I haven't given the matter long thought, but I'd be more inclined to suspect that the problem is that science isn't taken seriously enough. The traditional image of Science as a mysterious practice conducted by white-coated figures in secluded laboratories doesn't help. Science, of course, is really just basing ideas on observation and trying hard not to fool oneself. Should doctors fool themselves more, so as to relate to patients better?

Seriously, though, what would Dr. Zuker have doctors do? All that occurs to me would be to follow the tradition of great skeptical speakers to persuade patients that "other ways of knowing" mostly consist of other ways to fool oneself, but it's unclear that doctors have the time or patients the inclination to follow such a program. Failing that, what can you do but to present the science honestly and try your best to convince patients that it means something?

The simplest explanation is rationalization. If it's a mater of"fate" or chance, the smoker, overeater, etc. has no reason to change their habits (and most of them like/enjoy/are hokked on their present habits).

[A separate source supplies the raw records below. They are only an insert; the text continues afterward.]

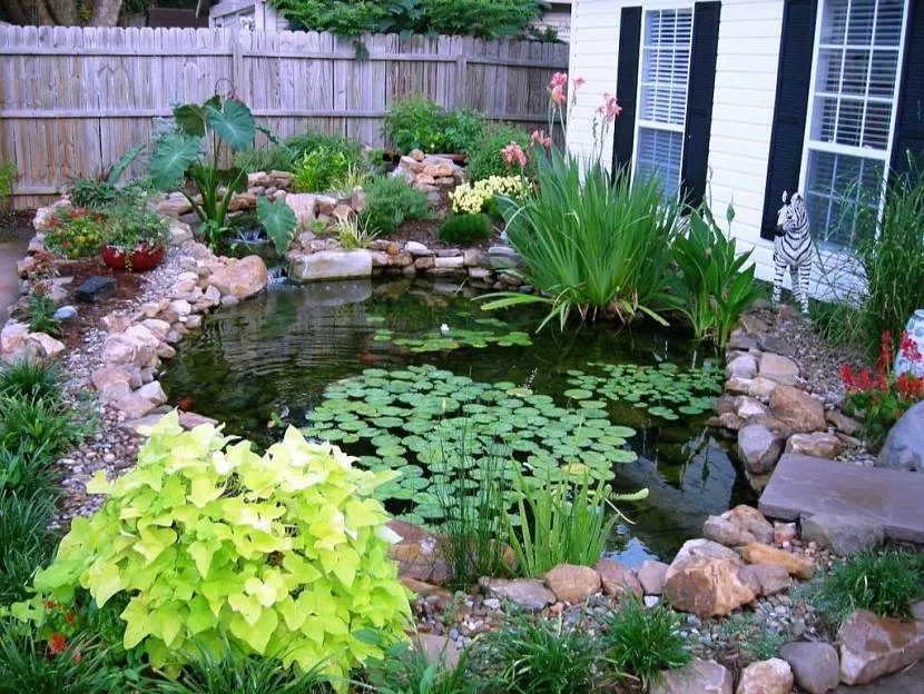 При дефиците площади создается миниатюрный водоем из пластиковой емкости. Ванна, большой таз или другой подходящий сосуд вкапывается в почву, обкладывается галькой и наполняется водой. Картинку дополнят садовые фигурки лягушат, уток и прочей живности, обитающей возле воды.
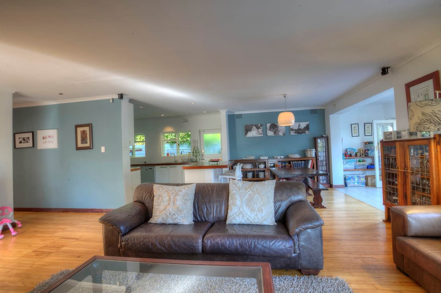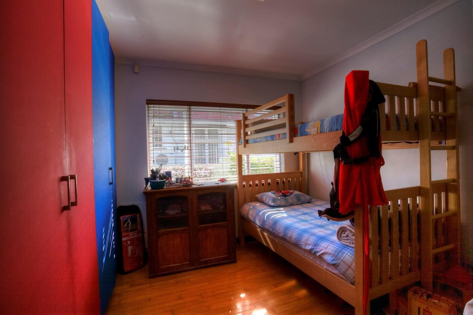 The main bedroom has a king size bed with un-suite shower and basin and then 2 kids bedrooms sharing a bathroom (shower and bath). The 1st kids room has a bunk bed and the 2nd kids room has a ¾ bed. Please note only 1 toilet in the main house.
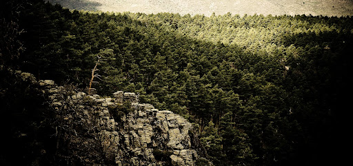 Esta foto la saqué cerca del puerto de Canencia hace un par de meses. Me gustaron las zonas de color causadas por la iluminación de sol, los pinos y el bloque de piedras.
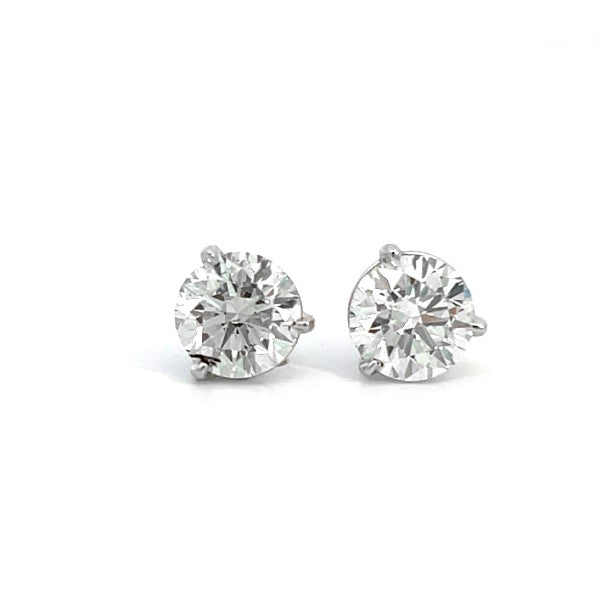14K White Gold 3-prong Martini Natural Diamond Stud Earrings 2.58cttw
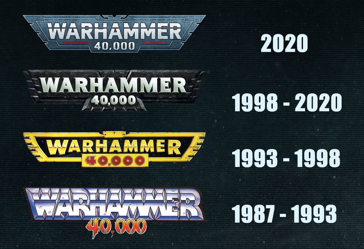 О первых двух логотипах многие из вас едва ли слышали, тут речь идёт прям совсем об олдфагах (продукцию со вторым логом я застал лишь совсем чуть-чуть. Но я тогда и понятия не имел, что такое Warhammer). Третий вариант логотипа продержался долгих 22 года и стал... вечным? Даже вечное когда-нибудь кончается, пришла пора провести ребрендинг.
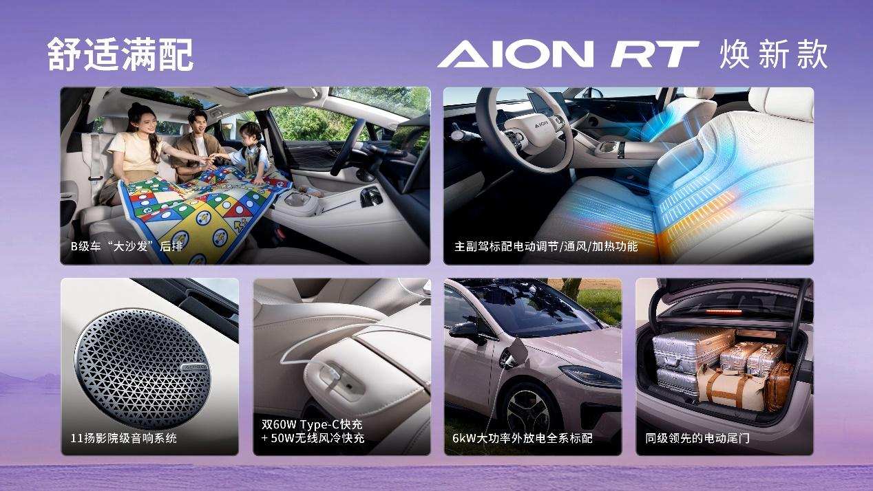 AION RT焕新款秉持“家的空间,不止于大”的原则,凭借B级车体量、940mm后排头部空间与943mm腿部空间,彻底告别压抑感,配合同级最大320mm坐高、95°躯干角与豪华软包座椅,1.85米身高乘客也能舒展坐姿。
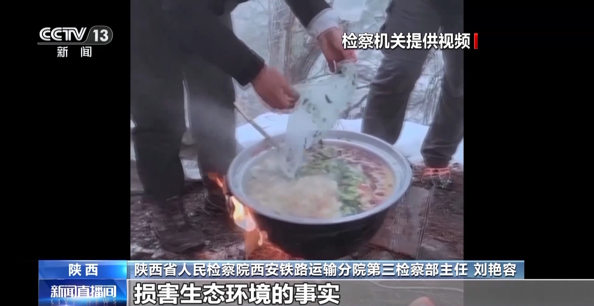 陕西省人民检察院西安铁路运输分院第三检察部主任 刘艳容:我们梳理查明,该公司2024年组织非法穿越秦岭核心保护区155次,参与人数3808人,收取报名费670632元,以及穿越中存在破坏高山植被、生火做饭等损害生态环境的事实。
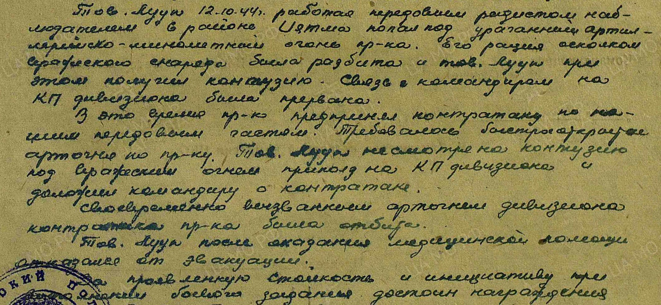 "Seltsimees Luup töötas 12. oktoobril 1944 radistina staabi koosseisus ??? piirkonnas, kui sattus vaenlase tugeva suurtüki- ja miinipildujatule alla. Tema raadiosaatja hävines ning seltsimees Luup sai seejuures põrutuse. Side divisjoni komandöri juhtimispunktiga katkes.
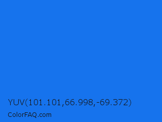 YUV 101.101,66.998,-69.372 Color is a normal blue color and the nearest color is Blue Crayola #1f75fe. Hex code #1673ed and RGB value is rgb(22,115,237). In RGB color space, this color is composed of 9% red, 45% green, 93% blue, In CMYK color space, this color is composed of 91% cyan, 51% magenta, 0% yellow , 7% black , In HSL color space, this color has a hue angle of 214° , 86% saturation and 51% lightness.
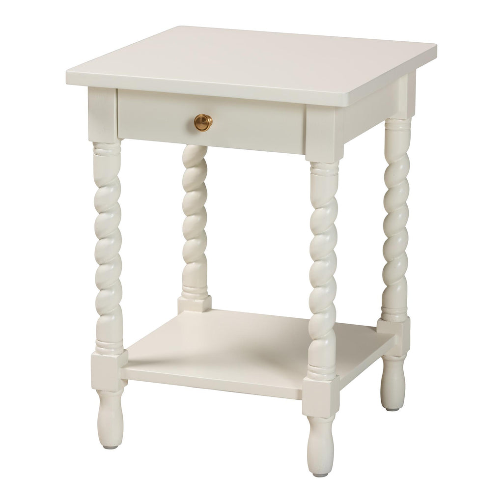 Refreshing yet classic character permeates your bedroom through the lovely Niklas nightstand. Made in Indonesia, this timeless piece is crafted from sturdy wood. The drawer and open shelf offer space to organize bedroom essentials while reserving the tabletop for nightly use. The Niklas will arrive fully assembled and features turned, twisted legs for an elegant display the showcases the tactful craftsmanship employed in creating the piece. Adorned with a round drawer pull, the Niklas nightstand is emblematic of enduring beauty.
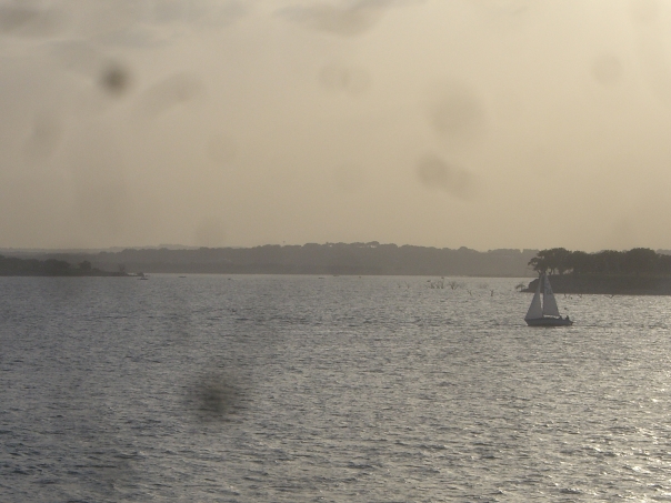 A small sailboat glides through the water in hazy light, pictured through a lens that is occluded by drops of sea water or grains of sand.

Never underestimate the power of the mind to practice self-deception.

Certainly, doing science (including ,in this case, also applying science in the form of medicine) and communicating science are activities that require different skill sets.

While there is nothing to prevent good communicators from choosing science as a career, science education in general doesn't do much to develop communication skills, and when there is some training, it is usually aimed at improving communication within the scientific community (writing better papers, giving better talks etc.) rather than how to get a scientific message across to the lay person.

This particular case, communicating about risk, actually parallels the one about alternative therapies. From the perspective of the individual, it is so easy to say: "I don't care what your randomised double-blind studies say - Wendy feels much better after her homeopathy treatment, so that's the truth to me!"

(This from someone whose significant woman both smokes, albeit very little, and believes in homeopathy to a degree. None of my explaining about how we reach rational conclusions about those things have affected her opinions very much. After five years of trying to communicate this in different ways but not succeeding, a completely rational person would of course say that this nutcase isn't worth the trouble and give up, either the convincing or the relationship. However, even those of with a science background aren't completely rational about everything...)

Never underestimate the power of the mind to practice self-deception.

Indeed - or the power of addiction to mess with your ability to make rational decisions. And I say that as a smoker with no intention of quitting. I know it's irrational, but the psychology of addiction is such that I'd rather be irrational than change a fundamental aspect of my thinking.

Another thing that occurred to me about this study is that genetic predisposition appears to be a factor in many cancers - you could call that "fate" and not be too far wrong.

Furthermore, this was a survey, not actual science, and all we know about it, as far as I can find out, is from the press release, which as you will see, Agence France-Presse has basicaly copied out. We can't actually tell what questions were asked of whom; let's hope it was a bit more scientific than the bottom left-hand corner of the home page of Cancer Research UK suggests.

In fact, as far as I can tell from the press release archive, this survey was done more than a year ago - see press release in Jan 06 on the subject - and the new release was just intended as a reminder about their Reduce the Risk campaign.

By potentilla (not verified) on 09 Jan 2007 #permalink

Renee- Ha! Vegetarians = health conscious. If only that were true. Another fallacy. My boyfriend and I are both vegetarian and you'll still find us stuffing our faces in front of the tv most nights. When I'm fifty and I keel over I'll probably still find that hilarious.